Somalia. After years of fighting each other and laying large parts of Mogadishu in ruins, the capital's warlords joined together at the beginning of the year against the militia formed by the city's Islamic courts. Unofficially, US sources confirmed that the United States supported the warlords with money and intelligence, as the Islamist militia is suspected to be linked to the al-Qaeda terror network. During periodic fierce fighting, which required at least 350 casualties, the Islamists gradually took control of Mogadishu and in June expelled the last warlords. For the first time in fifteen years, a relative measure of peace and security entered the city, and the international airport could be reopened after eleven years of closure. Less popular was that the entertainment facilities were closed, that the popular drug khat was banned and that compliance with Islam's rules began to be controlled. Failure to pray five times a day would be punished with death. However, the city was not safe.

2006 Somalia

According to CountryAAH, Swedish journalist Martin Adler was shot dead on June 23 when he came to report on the takeover of Islamists.

The court militia, which took the name of the Supreme Court of Islamic Courts (SICC), extended its influence over large parts of southern and central Somalia during the summer and autumn. Warlords and elder councils in some cities volunteered to join the SICC, other places were entered after fighting.

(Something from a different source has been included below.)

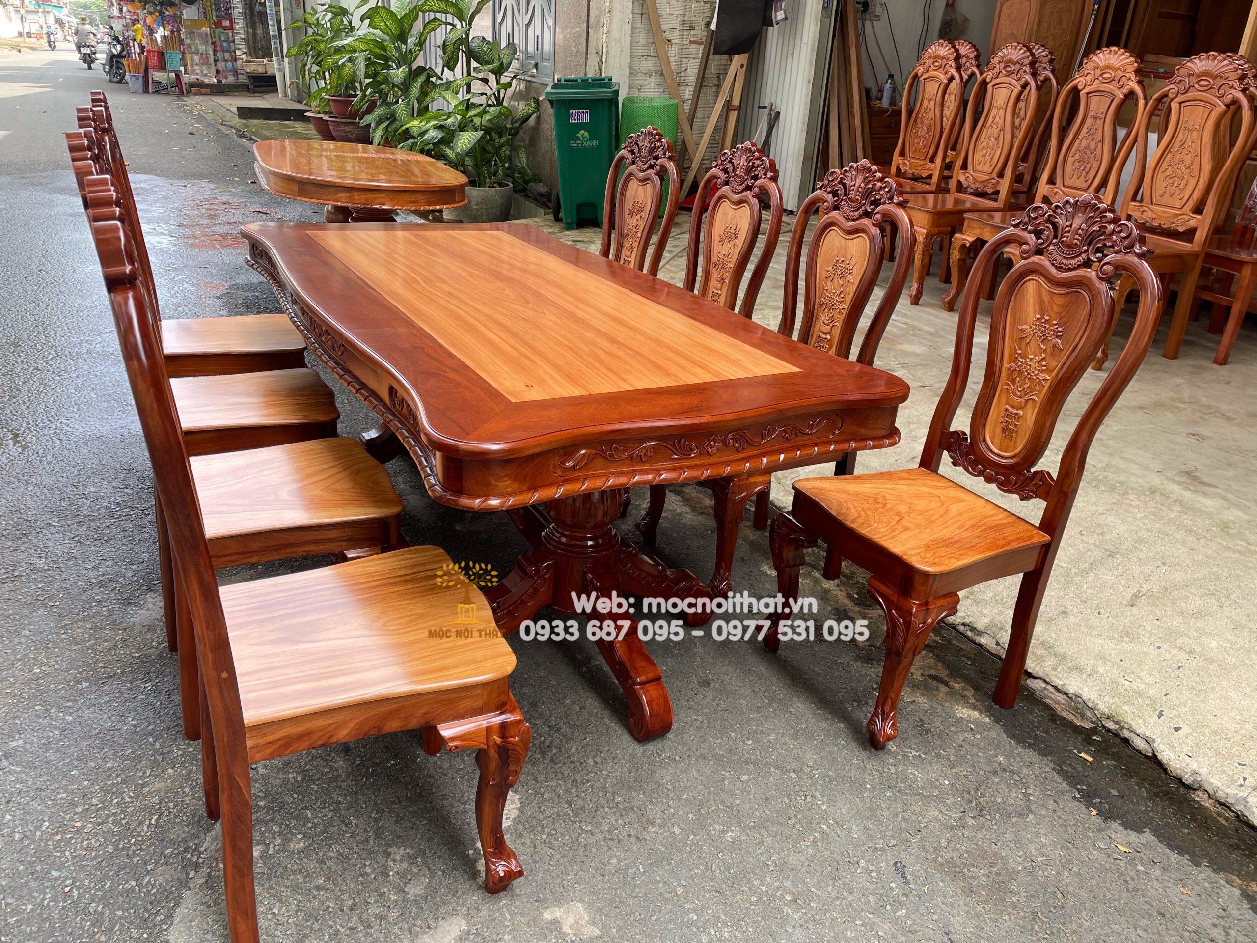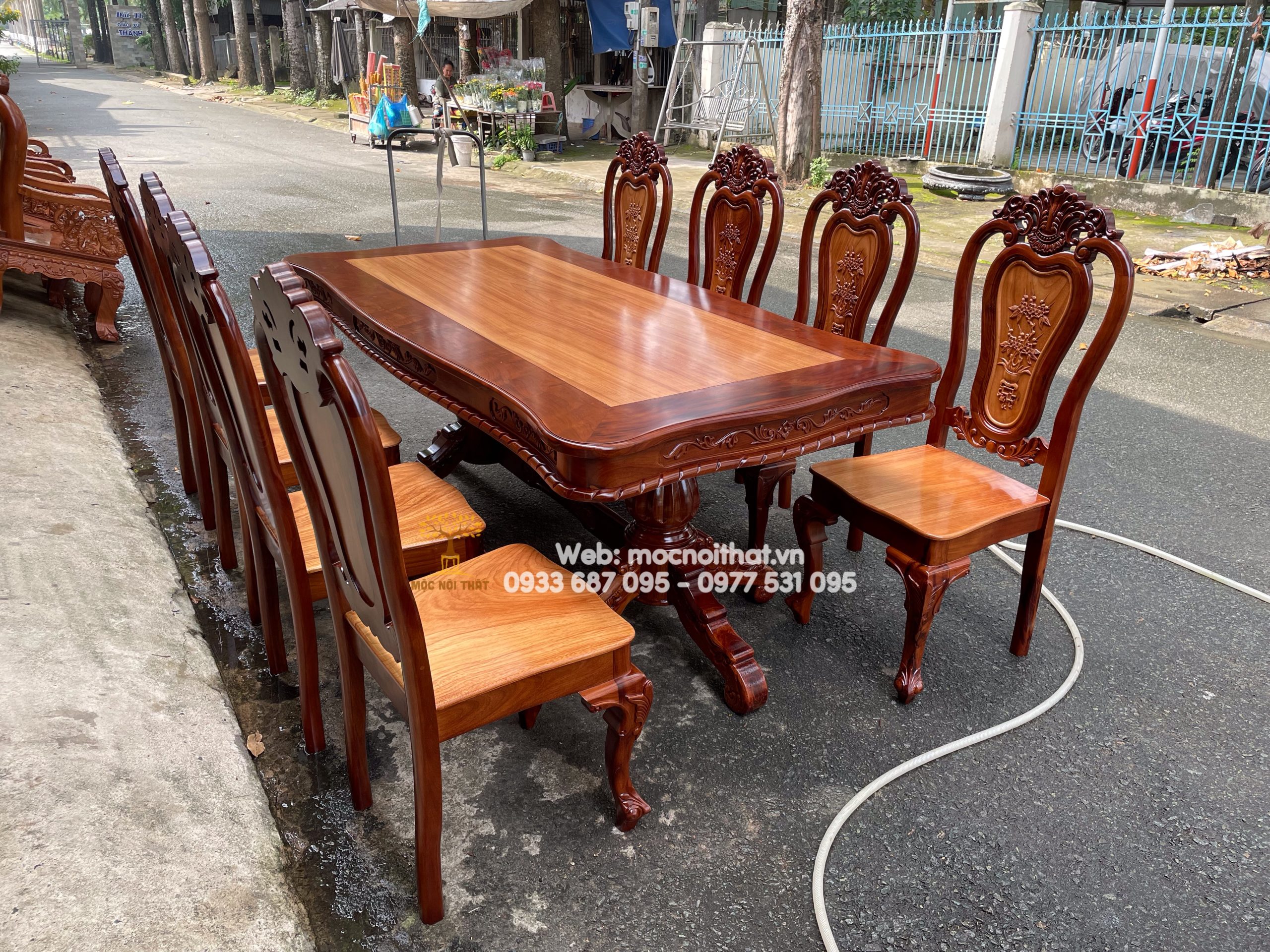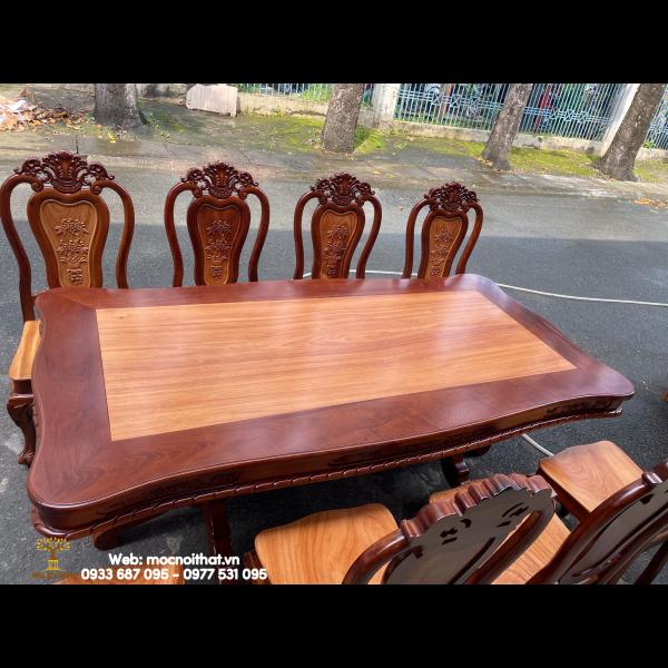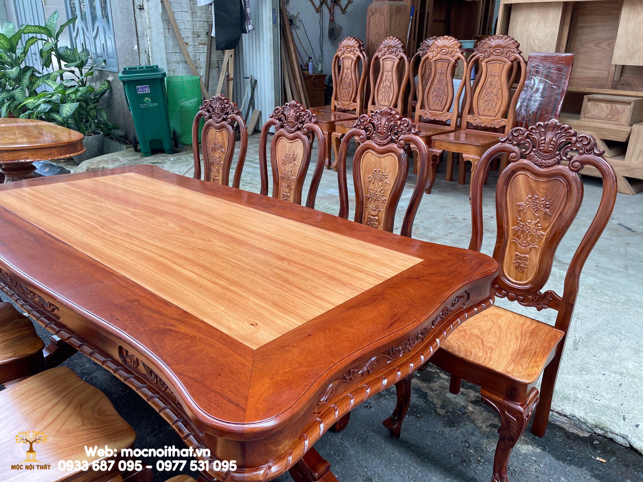 • Bộ bàn ăn được làm từ gỗ Căm Xe , mặt bằng Gỗ Gõ Đỏ kiểu bánh tây mặt trơn, kèm 8 ghế bàn ăn làm tựa lớn và chạm hoa văn sắc nét.

The internationally recognized interim government and parliament set up in the city of Baidoa northwest of Mogadishu but soon controlled only the city and its immediate surroundings. Repeated international attempts to mediate between the SICC and the interim government failed. Parliament appealed for an international peacekeeping force and in September the African Union (AU) decided in principle to send 8,000 men to Somalia to support the interim government. In December, the UN Security Council approved the AU force. The SICC frantically opposed any foreign intervention and, in particular, accused Ethiopia of meddling. Ethiopia has long denied sending troops to Somalia, but by the end of December thousands were deployed to the interim government. Ethiopian bombing, armor and artillery quickly drove the SICC back. Many Islamist soldiers fell, local militia that had just joined the Islamists returned to the government side and the hard core of the SICC was retreating south. Just before the New Year, Ethiopians captured Mogadishu and late in the New Year's Eve, the SICC's last stronghold, the city of Kismaayo, fell to the south. Although the interim government was now able to install itself in the capital for the first time, its opportunities to take control of the country seemed small without continued Ethiopian support.